Finances of Non-Government Non-Financial Large Public Limited Companies:
2009-10
The article presents the financial performance of select 1,752 non-
government non-financial large (with paid-up capital of `1 crore or more) public
limited companies during the financial year 2009-10, based on their audited annual
accounts.
Main Findings
• The aggregate results of the select companies had shown signs of recovery in
2009-10 after the global financial crisis experienced during 2008-09. The
growth rates in major parameters such as sales, value of production,
manufacturing expenses, net worth, etc. improved in 2009-10.
3
• Profitability parameters, viz., gross profits and profits after tax also improved
with positive growth in 2009-10 after recording decline in 2008-09.
• The profitability and profit allocation ratios, e.g., profit margin, return on equity
and dividends to net worth were higher due to higher profits in 2009-10
compared to that in 2008-09. However, the pace of expansion of business of
the select companies was slower in 2009-10. This led to significant cut-down
in the borrowing requirement.
• For the first time in recent past, stock of capital work-in-progress declined at
end 2009-10 as compared with that of the previous year. However, significant
increase in acquiring plant and machinery during the year led to the growth in
gross fixed assets.
Finances of Foreign Direct Investment Companies: 2008-09
The article assesses the financial performance of select non-government non-
financial foreign direct investment (FDI) companies during 2008-09 based on their
audited annual accounts. The data are presented at the aggregate level for the
select companies and also for select industries and countries of origin.
Main Findings
• The aggregate results of the select FDI companies in 2008-09 revealed that
the global financial crisis during the year had a significant impact on the
performance of the non-government, non-financial, FDI companies.
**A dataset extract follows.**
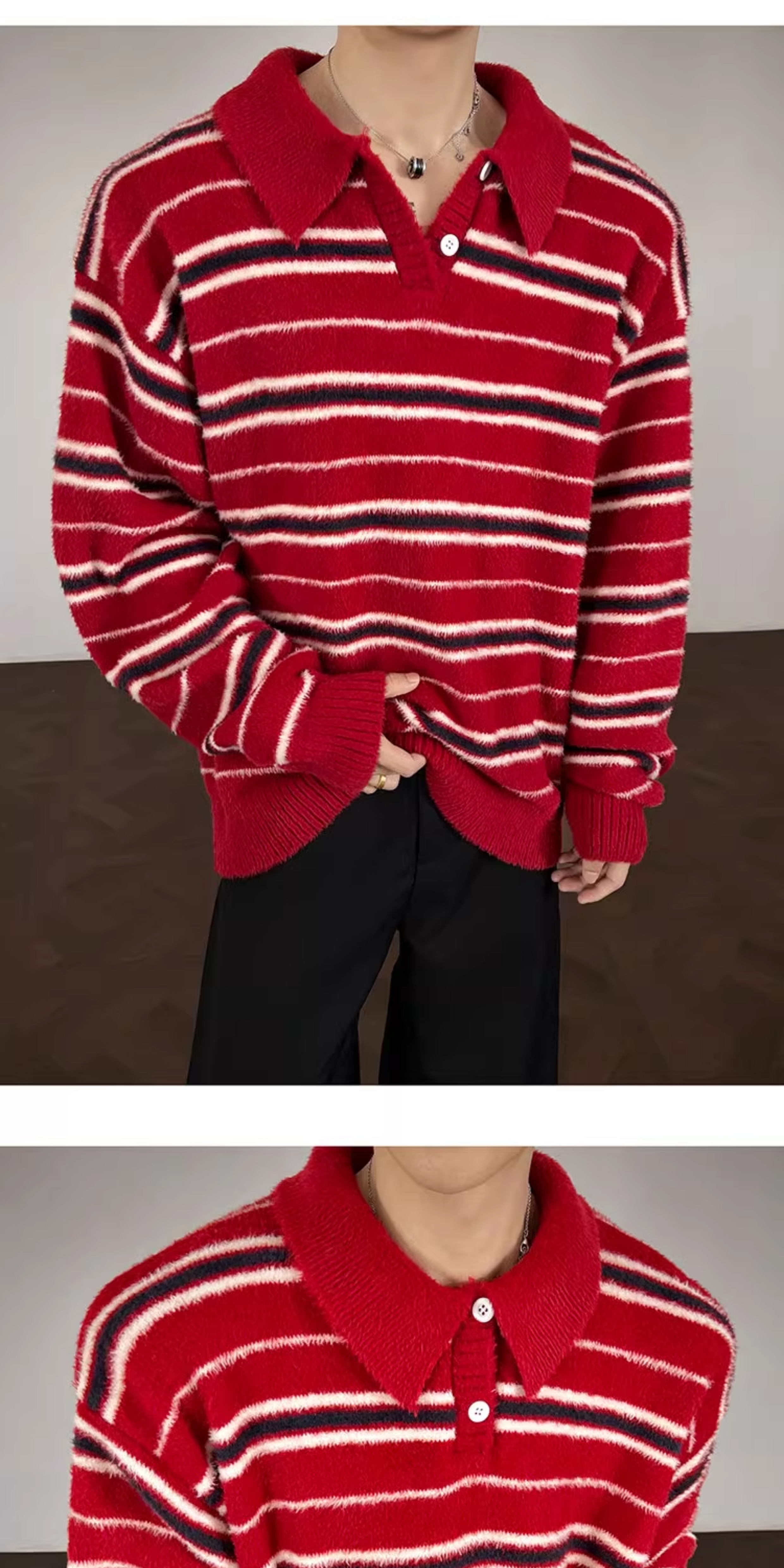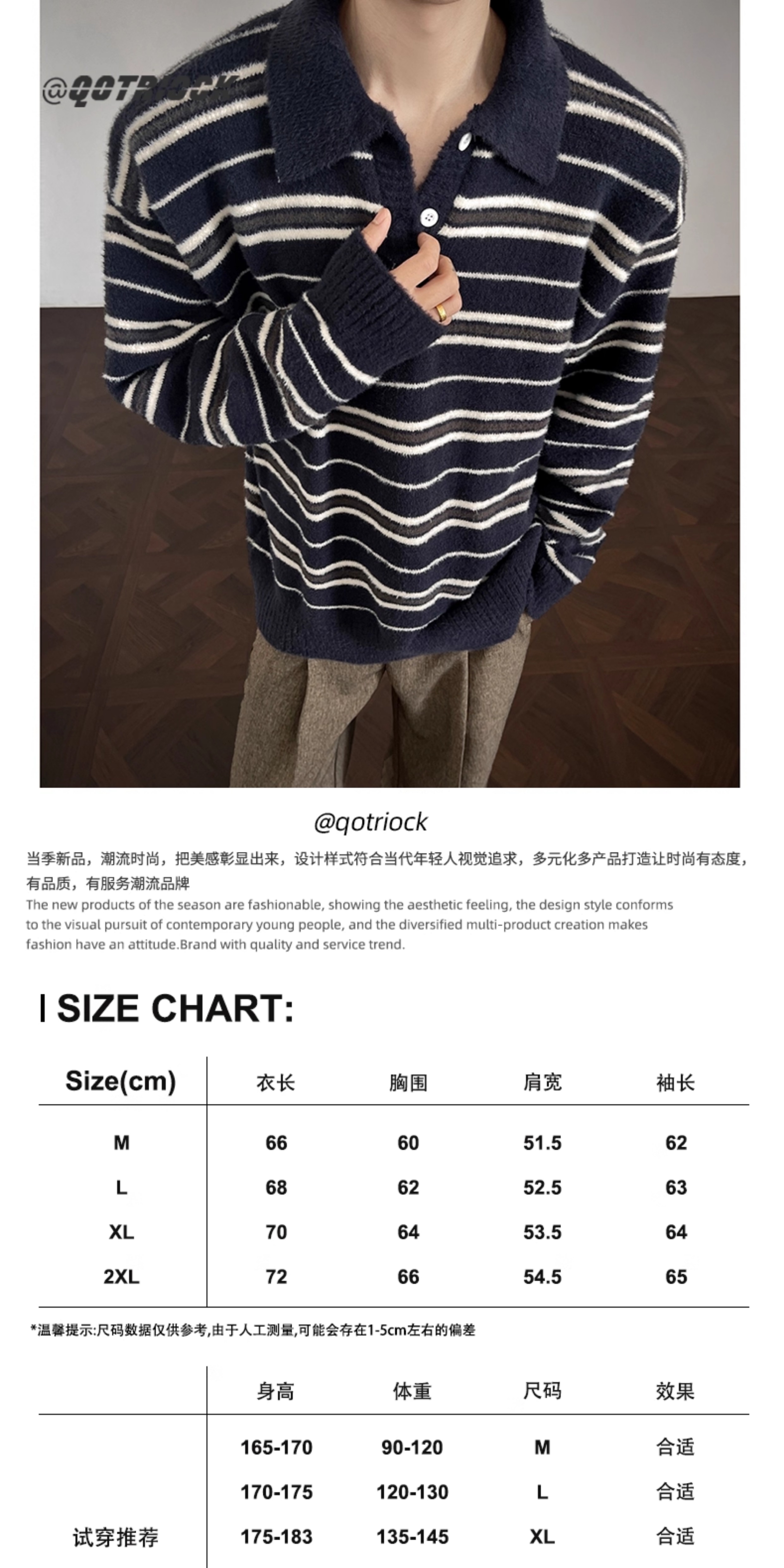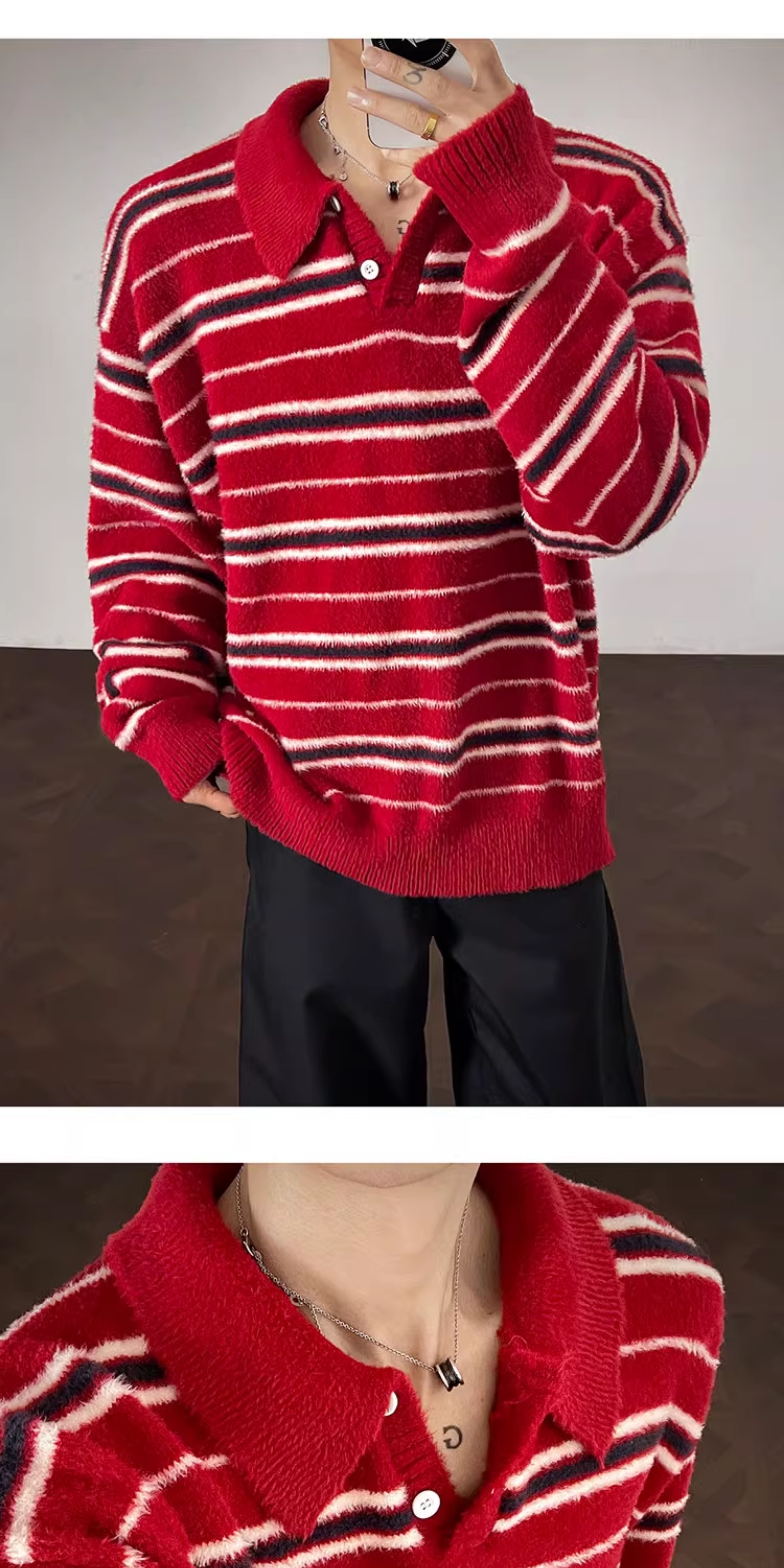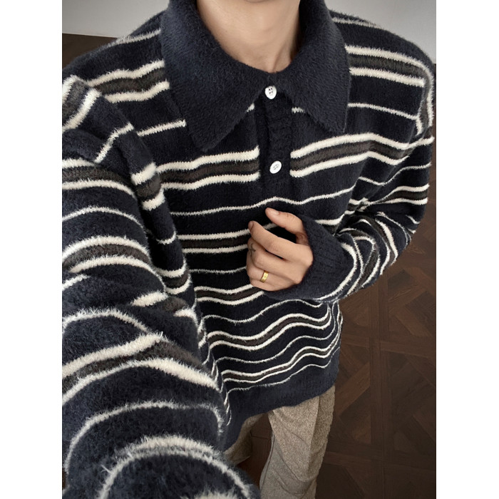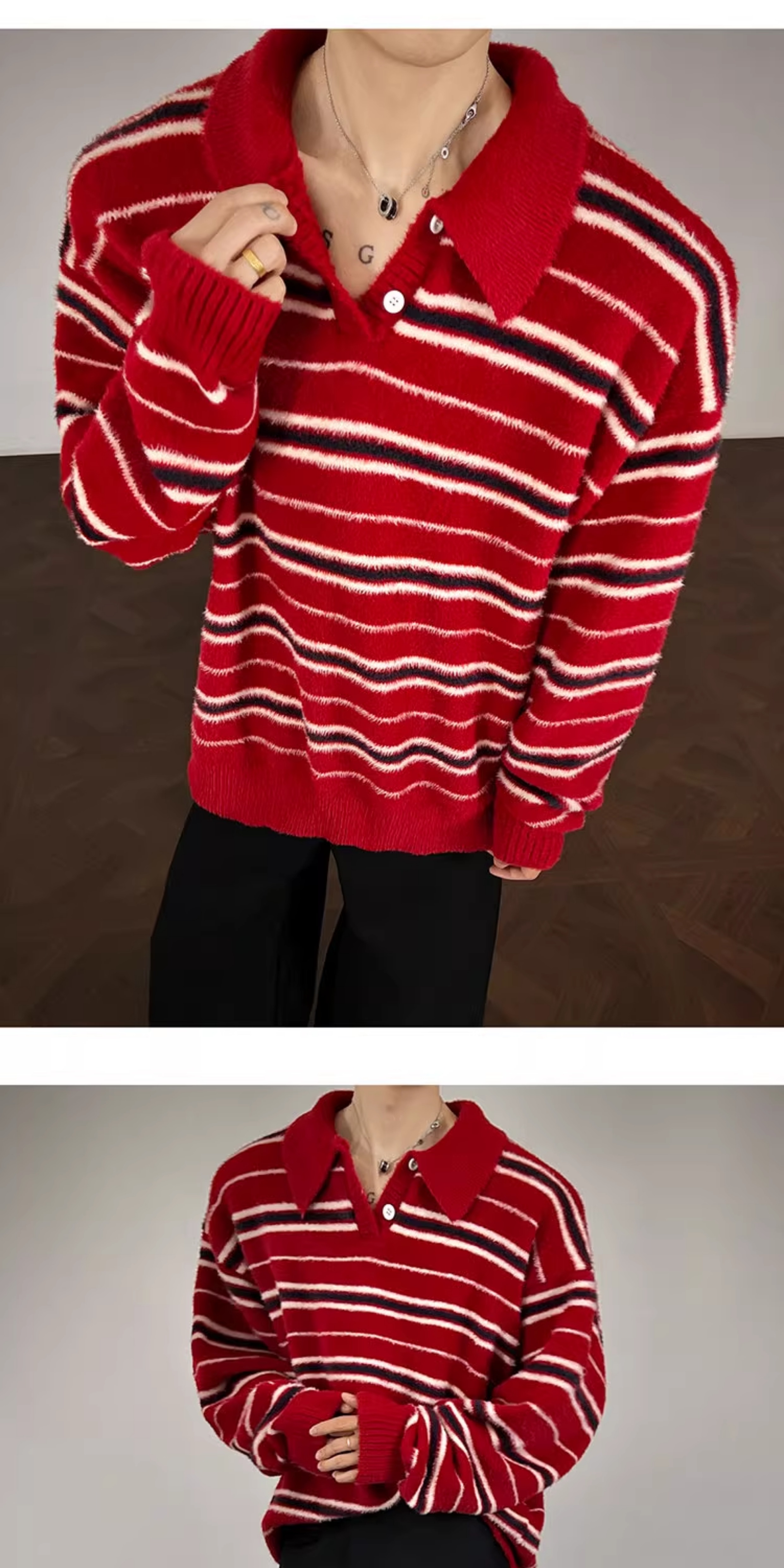 復古老錢風條紋撞色polo領毛衣男女秋冬慵懶感休閒寬松情侶針織衫

• While financial performance as indicated by growth rate of sales, value of
production and income moderated, gross profit, profit after tax and profit
retained declined in 2008-09 when compared to those in 2007-08.
• However, the FDI companies performed better than non-FDI companies in
2008-09. The FDI companies experienced a higher growth in sales and lower
decline in gross profit and profit after tax as compared to those of non-FDI
companies. While profit margins of both the groups of companies were at the
same level, return on shareholders' equity of FDI companies was higher as
compared with those of non-FDI companies during 2008-09.
• The FDI companies relied more on borrowings for their financing needs. The
share of incremental bank borrowings in total sources of funds increased in
2008-09. ‘Fixed Assets Formation’ and ‘Loans and Advances and Other
Debtor Balances’ were the major uses of funds during 2008-09.